TO DO ▸
The line containing "폐업(예정) 소상공인 |" marks the end; return exactly every line from the start of the records up to and including it, but no pictures.

● ● ● ● ● ● ●

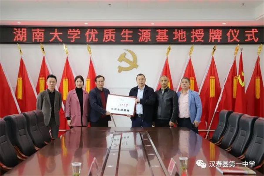3月12日上午,湖南大学优质生源基地授牌仪式在汉寿一中举行。44118太阳成城集团党委副书记、纪委书记周加喜,湖南大学招生宣传办公室主任曾芷兰,汉寿一中党委书记、校长胡浩出席。仪式由汉寿一中纪委书记黄锦钢主持。
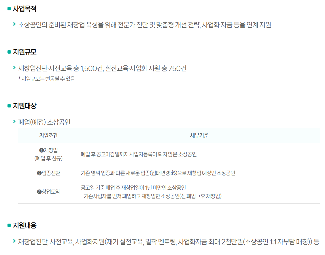 | 교육 대상 | 재창업 또는 업종 전환 의사가 있는 폐업(예정) 소상공인 |
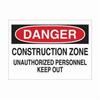 Brady Traffic Sign, Rectangular, Header: DANGER, Text Legend, Legend: CONSTRUCTION ZONE UNAUTHORIZED PERSONNEL KEEP OUT, B-401 Polystyrene, Surface Mounting, 10 in Height, 14 in Width, Black/Red on White Legend/Background
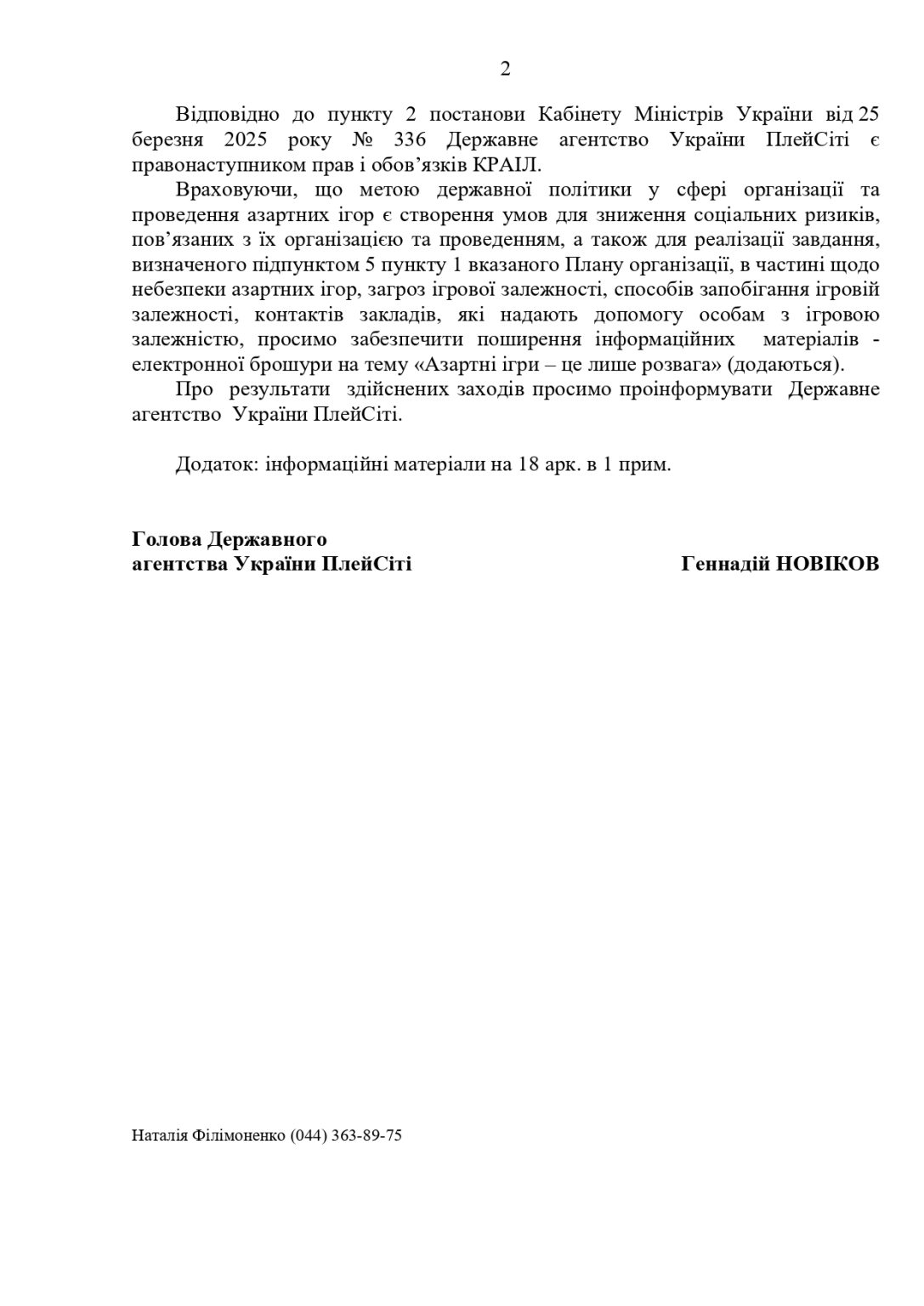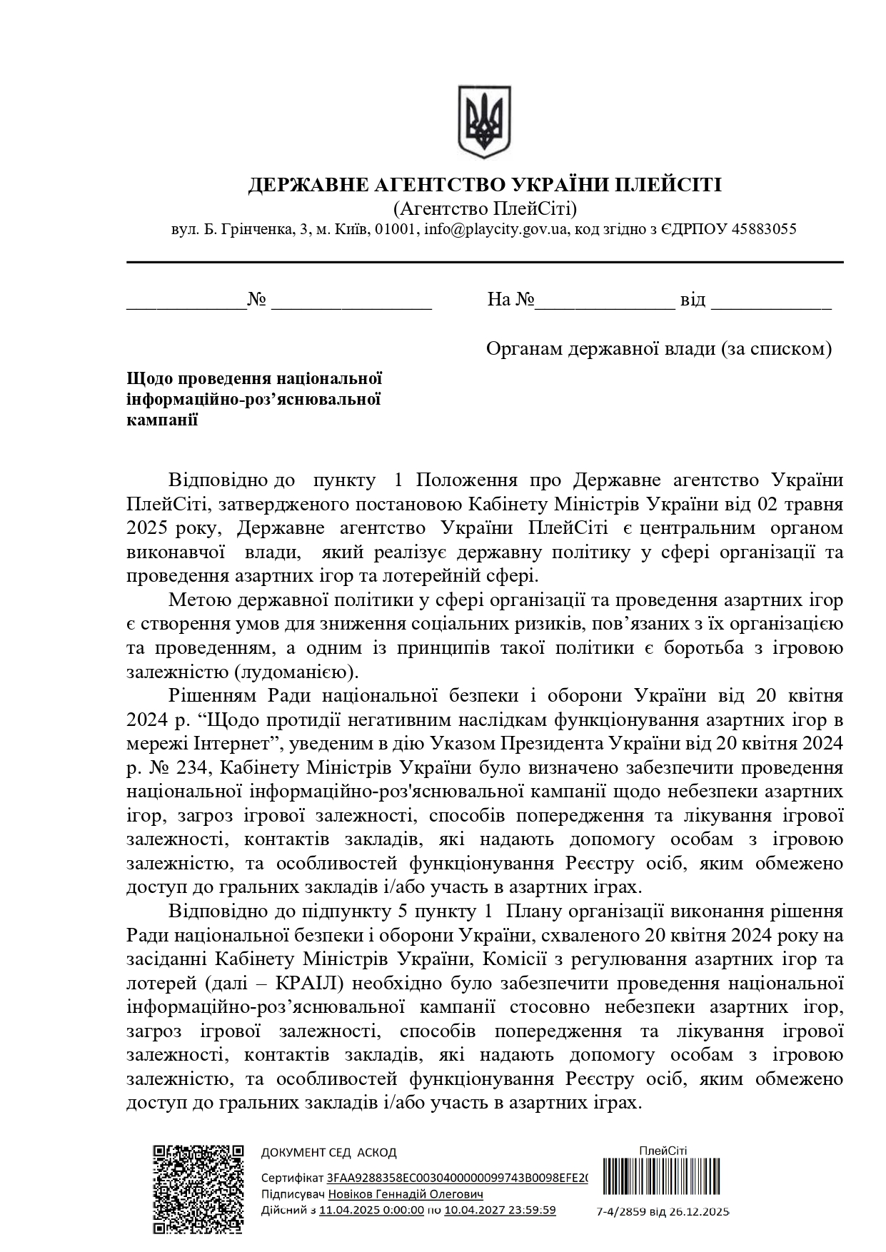 Щодо проведення національної інформаційно-роз’яснювальної кампанії з питань протидії негативним наслідкам функціонування азартних ігор в мережі Інтернет
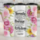 Este gráfico emocionante mostra uma adaptação da Oração da Serenidade, com "Serenidade", "Coragem" e "Sabedoria" elegantemente destacados. As palavras profundas são maravilhosamente moldadas por uma borda aquosa de rosas cor-de-rosa, girassóis amarelos brilhantes e margaridas rosa alegres, acentuadas com brilho dourado brilhante. Esta design inspiradora promove a aceitação, o crescimento e a orientação divina.

● ● ● ● ● ● ●

EXERCISE RESULT ▸
3月12日上午,湖南大学优质生源基地授牌仪式在汉寿一中举行。44118太阳成城集团党委副书记、纪委书记周加喜,湖南大学招生宣传办公室主任曾芷兰,汉寿一中党委书记、校长胡浩出席。仪式由汉寿一中纪委书记黄锦钢主持。
 | 교육 대상 | 재창업 또는 업종 전환 의사가 있는 폐업(예정) 소상공인 |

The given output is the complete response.